A layer is defined by a point set described by one of the methods above, and one or more cell objects that are to be placed at positions determined by the point set. If there are less cell objects than there are points in the point set, then the cell objects are copied until an object is placed at each point.

Cell objects

A cell object consists of a bounding box and a set of connection points. The connection points can be loaded from a Neurolucida file, or can be sampled from the trajectory of a parametric curve.

The set of points that belong to a cell object can be further divided into compartments, e.g. dendrites and axon, which can be later used when specifying connectivity.

In addition, random perturbations can be applied to the points of a cell or one of its compartments.

Parallel fibers can then be described as lines with small random perturbations, and artificial Golgi cell morphologies can be desribed with angular displacements of their dendritic and axon points.

Projections

Once layers are defined with the different cell types, connectivity is specified in Picnic as projections between layers.

The single type of projection currently supported by Picnic is based on Euclidean distances between the points of the different cell object. Given a maximum distance, Picnic can determine all cell points in two layers that are close enough to be considered connected.

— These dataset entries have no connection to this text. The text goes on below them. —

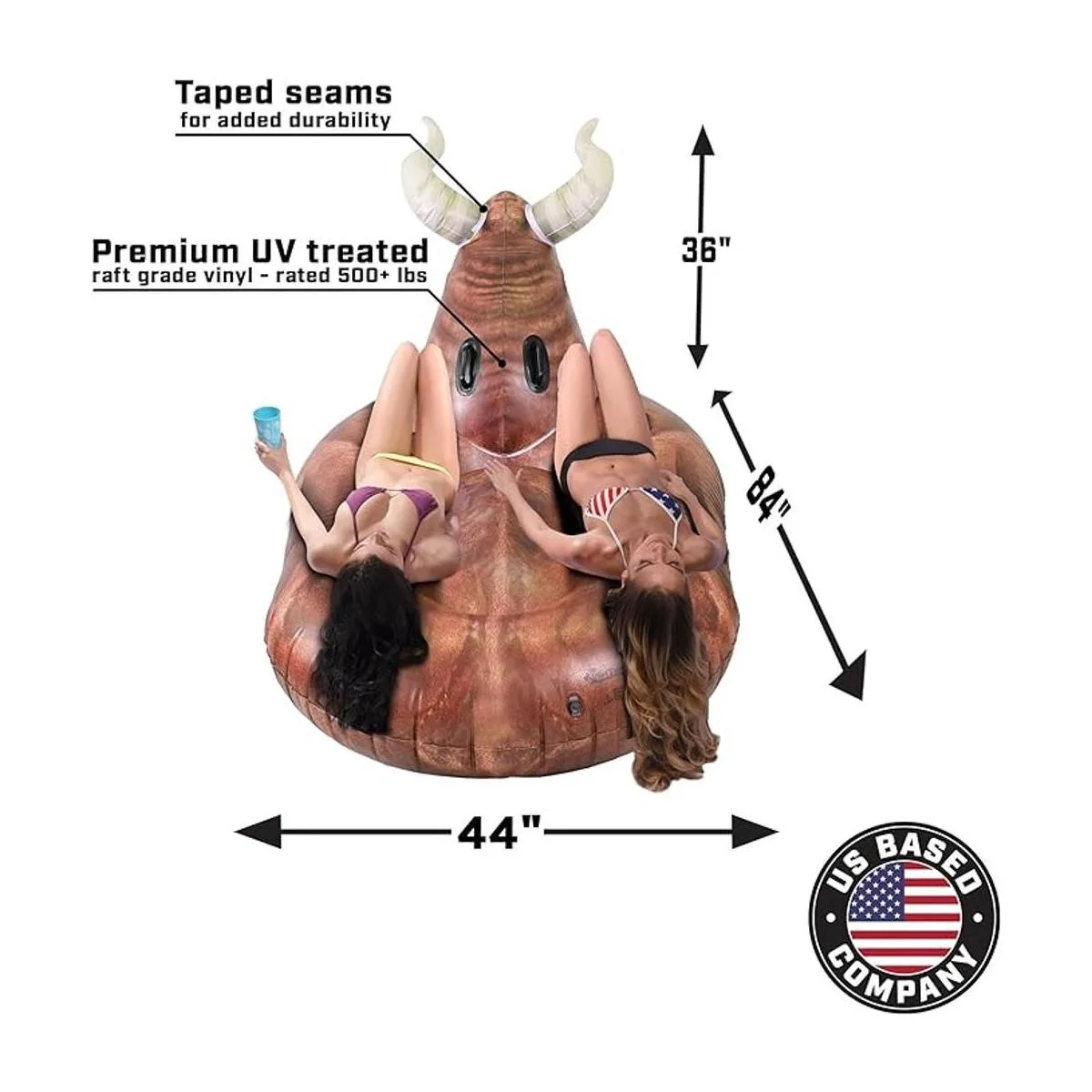 GoFloats Giant Inflatable Buckin Bull Grab Summer by The Horns, Includes Bonus Drink Float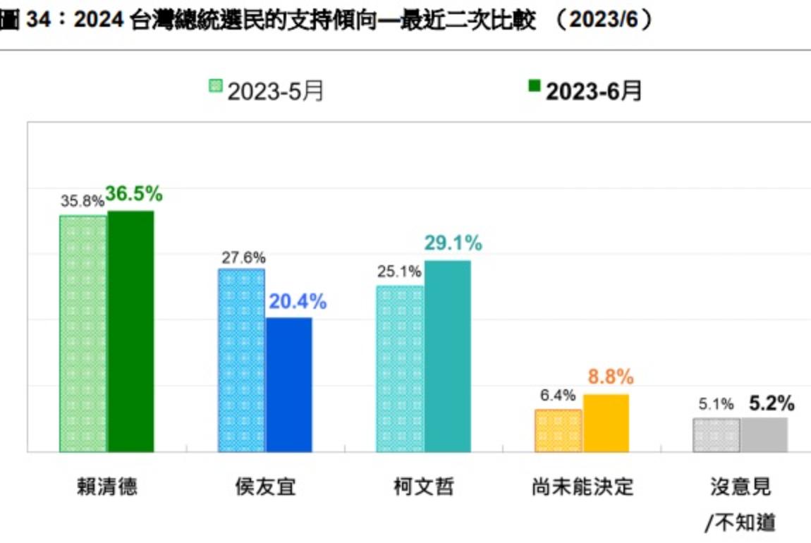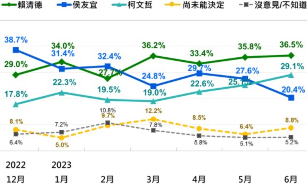台灣民意基金會今日公布6月民調顯示,民進黨主席賴清的支持度達3成7居冠,台灣民眾黨主席柯文哲衝到2成9為第二名,新北市長侯友宜大跌至2成墊底。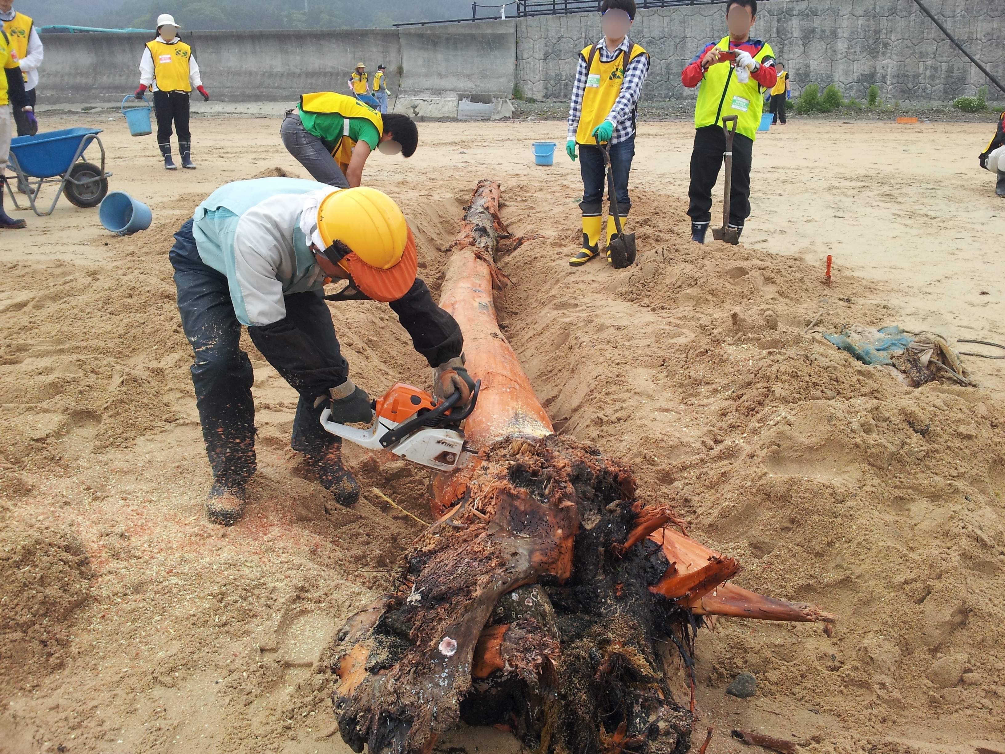 砂浜の中のガレキを分別して撤去している様子

Model description language

About this egg

Author

Ivan Raikov

Version history

1.0
Initial release

License

Copyright 2012-2014 Ivan Raikov and the Okinawa Institute of Science and Technology.

This program is free software: you can redistribute it and/or modify
it under the terms of the GNU General Public License as published by
the Free Software Foundation, either version 3 of the License, or (at
your option) any later version.

This program is distributed in the hope that it will be useful, but
WITHOUT ANY WARRANTY; without even the implied warranty of
MERCHANTABILITY or FITNESS FOR A PARTICULAR PURPOSE.  See the GNU
General Public License for more details.